Immigration and Customs Enforcement is reportedly trying to join the network of federal departments that can access warrantless surveillance information
John Lund Blend Images/Newscom
gathered by the spies at the National Security Agency. U.S. Customs and Border Protection is trying much the same thing.
The prospect of these two law enforcement agencies gaining access to such intelligence should send chills down the spines of illegal immigrants—and all Americans.
The NSA was originally handed extra-constitutional spying tools to keep an eye on foreign threats—not assist in routine law enforcement by domestic agencies. But it hasn't worked out that way. For many years, this spy agency has been sharing all kinds of information with law enforcement. It claimed that it was taking care to scrub out sensitive and private details about innocent Americans. However, since 9/11, it has come under pressure to abandon even such minimal restraint and share unfiltered information so that law enforcement doesn't miss crucial clues about burgeoning threats.
Instead of resisting these demands, President Barack Obama, a constitutional law professor who should have known better, threw open the NSA's entire treasure trove of secret information to 16 agencies, including the Department of Homeland Security, the FBI, and the Drug Enforcement Administration.
However, he pointedly left out immigration enforcement agencies like ICE and CBP. But in Donald Trump, the duo has a simpatico president, which is why they have renewed their quest to join the spy community.
If President Trump obliges, what information will these agencies obtain?
The NSA employs tools of mass surveillance that, in theory, it is supposed to use only on foreigners outside the country. But the reality is very different, if for no other reason than we live in a digital world where information flows seamlessly across borders.
Americans who correspond with any foreigner that the NSA is watching instantly become fair game. Their information is secured on servers abroad that the agency routinely taps.
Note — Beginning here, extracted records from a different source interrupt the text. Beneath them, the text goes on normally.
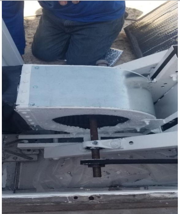
In Progress Fan painted with Silver Bullet Epoxy after repairs. Additionally, team overlapped/wrapped sheet metal from top to bottom to seal breach (hole) at the bottom of fan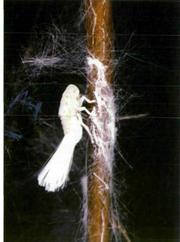
Fig. 2: Oliarus polyphemus, nymph in cocoon on Metrosideros root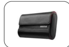
Black leather case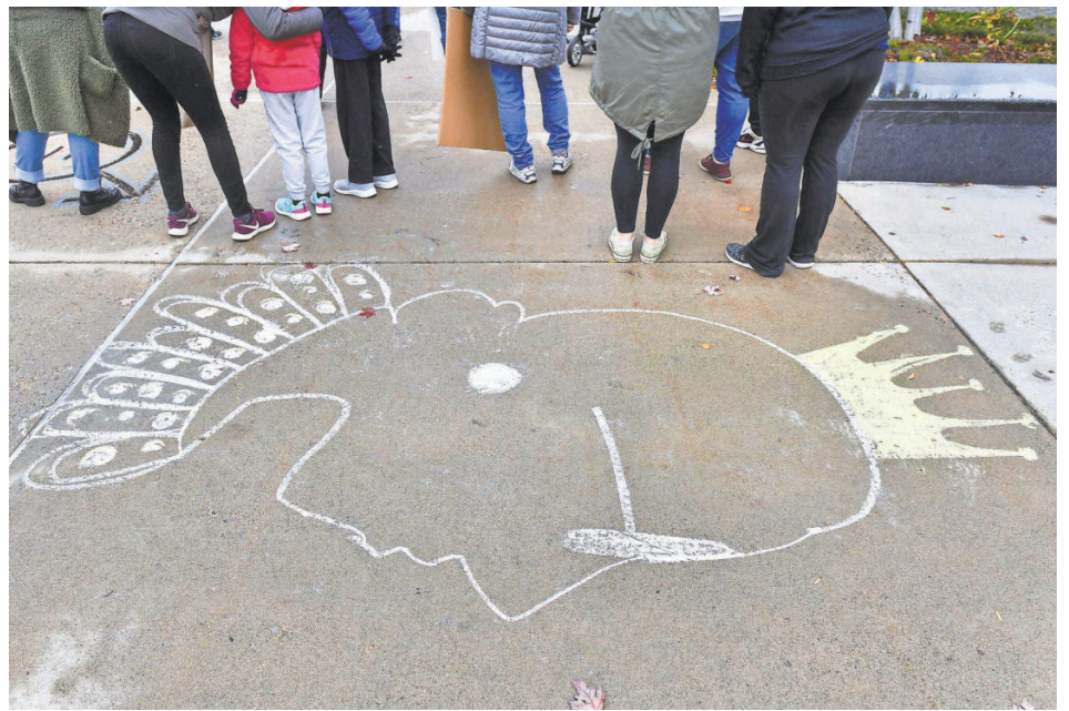
A chalk drawing of Ruth Bader Ginsburg adorns a section of sidewalk as people gather for the St. Cloud Women's March in downtown St. Cloud.

Support local journalism. Subscribe to stcloudtimes.com today.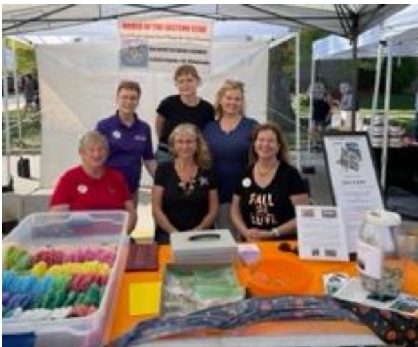
LaBelle Chapter, Mukwonago at Fall Fest.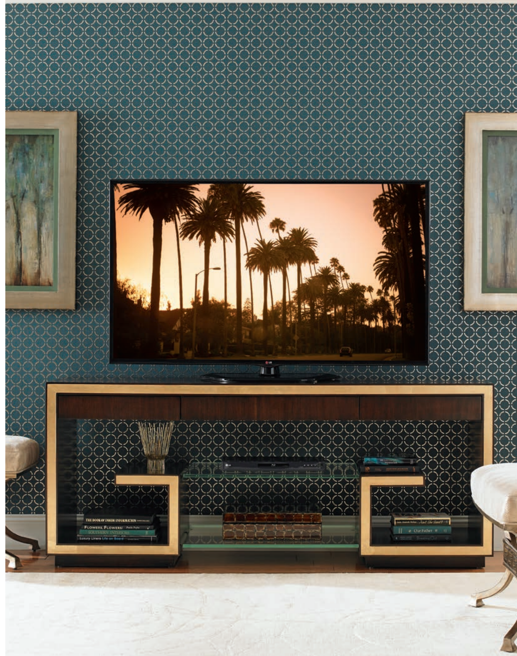
307HW-661 Palisades Media Console 64.5W x 18D x 31H in.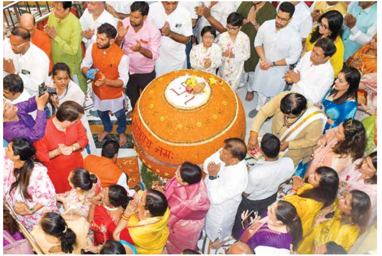
Devotees offer 1101 kg 'Ladu' to Lord Ganesh at a temple during Ganesh Chaturthi festival, in Nagpur on Friday.

The police have warned against making hoax phone calls saying it is liable for punishment.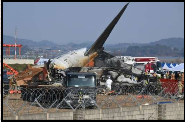
Jeju Air Flight 737-800 Crash in South Korea

On December 29, a Jeju Air Boeing 737-800 carrying 175 passengers and six crew members crashed at Muan International Airport in South Korea, resulting in the tragic loss of nearly all on board. Preliminary investigations suggest a bird strike and the proximity of an embankment to the runway as potential causes. This incident has reignited concerns regarding the safety record of the Boeing 737-800 model.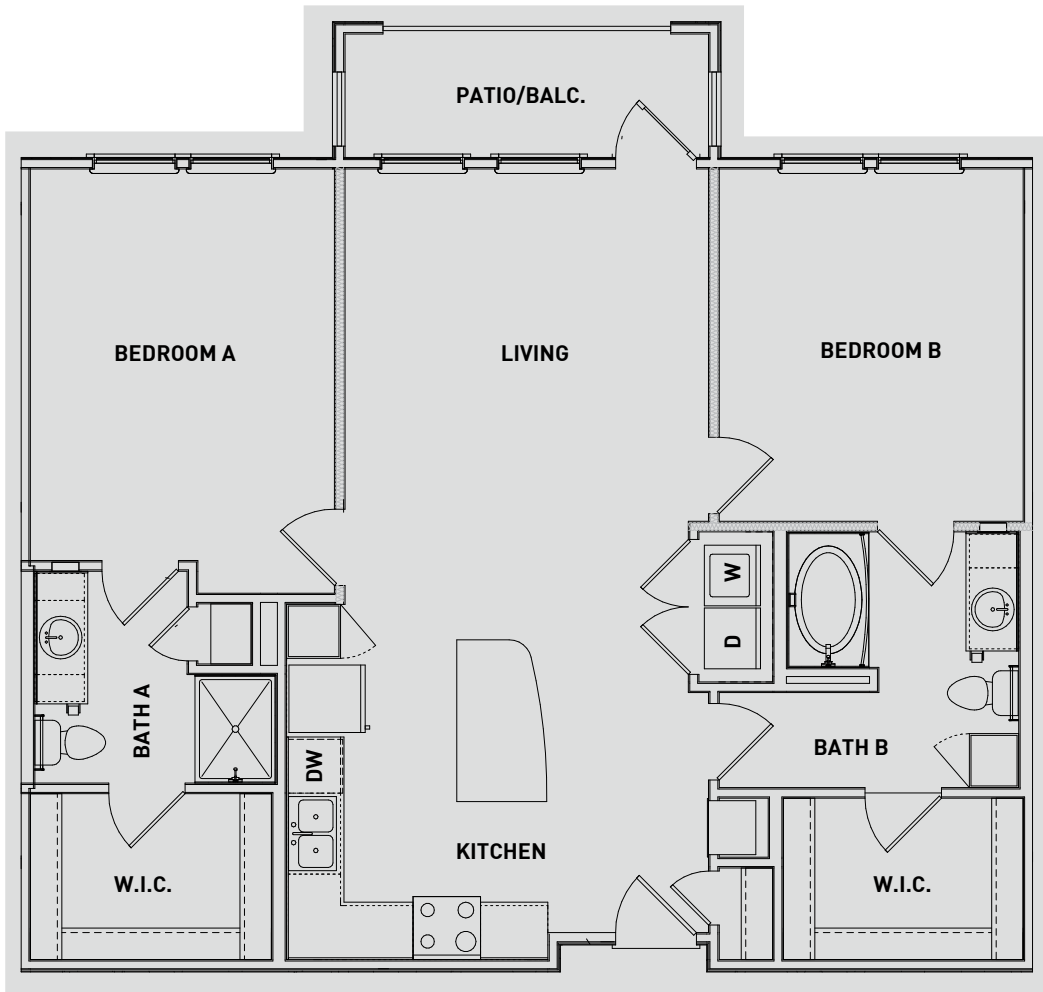
UNIT B2-A 1117 SQ. FT.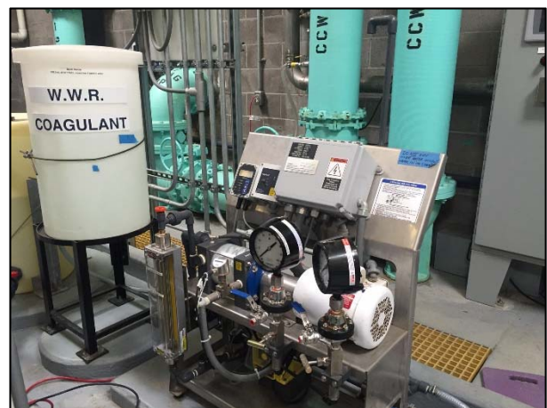
PolyBlend® polymer activation resulted in 20% savings in polymer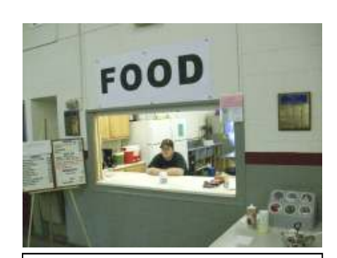
And, it was great to be able to take a break and have a meal or just a cup of coffee.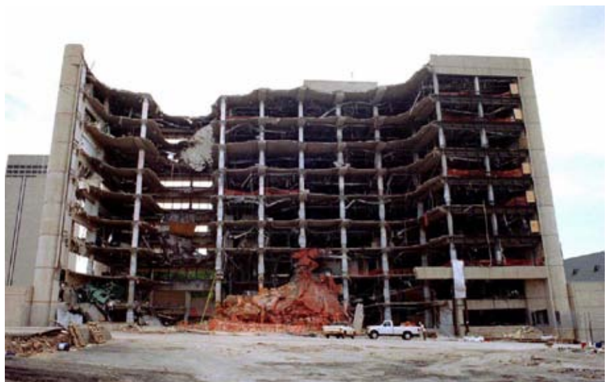
The Alfred P. Murrah Federal Building stands ready for implosion in Oklahoma City in this May 22, 1995 file photo. This view is from what used to be a parking lot north of the building. Oklahoma City bomber Timothy McVeigh was executed in 2001 for a crime that took 168 lives.

The Anti-Defamation League, which monitors militia websites, said anti-government extremists were widely citing healthcare reform as a justification for violence.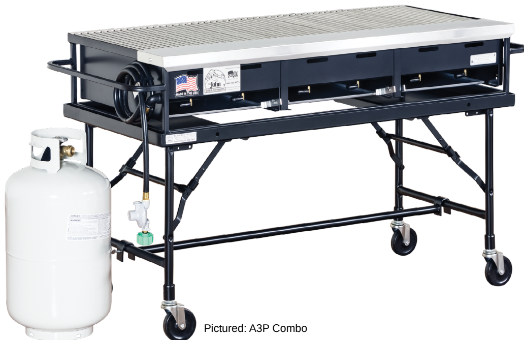
Pictured: A3P Combo

Made with a Powder-Coated Steel Frame & Stainless Steel Firebox and Components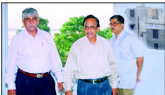
Inspecting the Head Quarter Building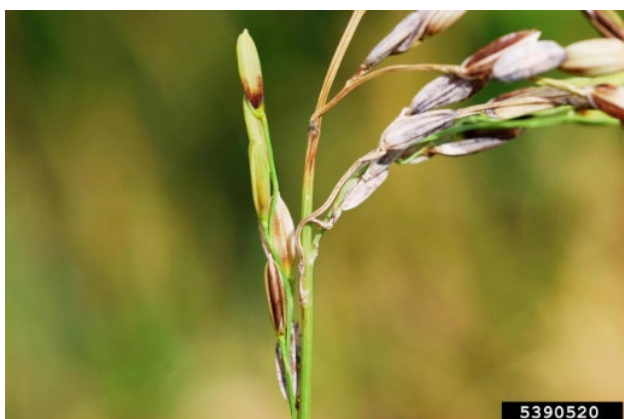
Figure 5 Panicle blast symptoms of rice blast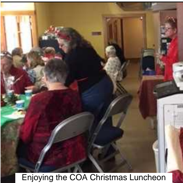
Enjoying the COA Christmas Luncheon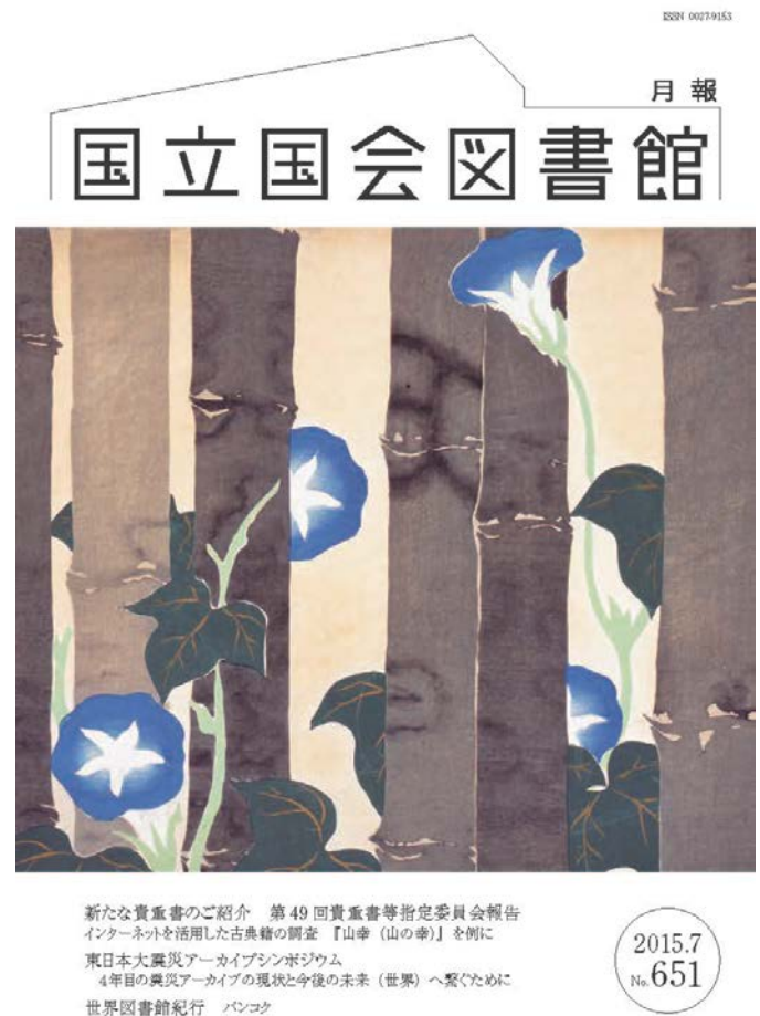
Image 11: Morning glory (cover of National Diet Library Monthly Bulletin , 651, July 2015; the original is in Momoyogusa , vol.1 Available in the NDL Digital Collections )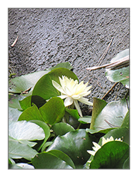
Trudy Slocum Tropical Water Lily flowers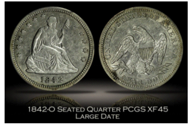
burner" by the discussion participants until Daryl discovered, and acquired, a second example (an ANACS EF40) having the same feature in December.

amples, when found, tend to be quite well struck and proof-like. There are eight die marriages listed in Briggs' Comprehensive Encyclopedia of United States Liberty Seated Quarters (Lima, OH 1991), the majority of which are individually very scarce. Having accumulated 7 of the 8 die marriages throughout a nearly 10year search, it grabbed my attention when collector Daryl Luke reported a possible new die marriage on the Liberty Seated Message Boards (http:// seateddimes.yuku.com) in May 2013. The coin he reported appeared to be an example of Briggs 4-F, a known die marriage, but with an extremely long middle studies and collects die varieties, and who as a result is claw on the left (facing) foot. This feature was not known on 4-F coins and led to speculation regarding die state, die scratch, or new die altogether. The coin, pictured in Figure 1 (below), resides in a PCGS XF45 holder. The discussion died out and the interesting anomaly was either forgotten or placed on a "back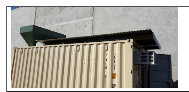
GIB diamond Sortex unit mounted within a sea container for ease of transport and security. Note twin feed hoppers top left and double roof for lowering unit temperature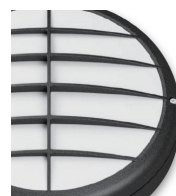
RX TYPHOON GRILLE TRIM GREY REXBHRGRLTRM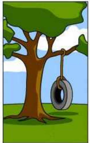
What the customer really needed

Emails, text messages, and vast amounts of internet data are vacuumed in. The NSA has targeted entire Yahoo and Google data centers abroad, all of which contain communication by Americans. It also intercepts and archives every cell phone call to and from the Bahamas and other Caribbean countries. It gathers millions of text messages in global information sweeps. This is not just metadata, but actual content. The NSA listens in on and records phone conversations, reads and downloads text messages, hacks into emails and copies exchanges. (In one instance, NSA agents were amusing themselves by listening to recorded conversations of Americans engaged in phone sex.)
Nor does this information just sit there in untouched archives. The NSA has powerful search engines to rifle through its databases to dig up information about any American for any reason without ever obtaining a court order, basically eviscerating the Fourth Amendment's protections against illegal searches and seizures. Some agents have even used these tools to spy on their exes.
The NSA gets the legal authority for such activity from Section 702 of the recently reauthorized FISA (Foreign Intelligence Surveillance Act) that has nominal congressional oversight but no judicial check —and the notorious Reagan-era Executive Order 12333 that has neither. In other words, the order uses executive authority to give an executive agency unchecked spying powers.
Handing ICE and CBP, which have vast powers to track the physical movements of people in America, unfiltered access to this massive surveillance would be problematic under any circumstances. But it is especially so when these agencies are expanding their own internal spying capacities in the name of interior enforcement.
Last month, ICE signed up with Vigilant Solutions to access license plate databases that the company has created by taking pictures of unsuspecting vehicles on toll roads, parking lots, and other public places. This will give ICE the means to do near real-time tracking of targets suspecting of breaking immigration laws, especially since the Supreme Court has not outlawed remote warrantless GPS surveillance that doesn't require it to plant physical device on vehicles.
Meanwhile, CBP is in the process of creating facial recognition technology that will essentially turn people's faces into their papers. This will mean enhanced tracking of foreigners and citizens any time they go in and out of the country. But border patrol also has near carte blanche to set up interior checkpoints and stop buses and vehicles within 100 miles of the border. This is a huge swathe of land: Two-thirds of Americans live there. So every time anyone—American or not—passes through these checkpoints, their movements will be potentially scanned and recorded.
If ICE and CBP gain access to the NSA's surveillance and combine it with their own spying capacities, they will literally obtain Big Brother-style powers to track and monitor almost anyone on U.S. soil. And they will be able to use this information to detain, arrest, and go after people in other ways. This should be terrifying to all of us.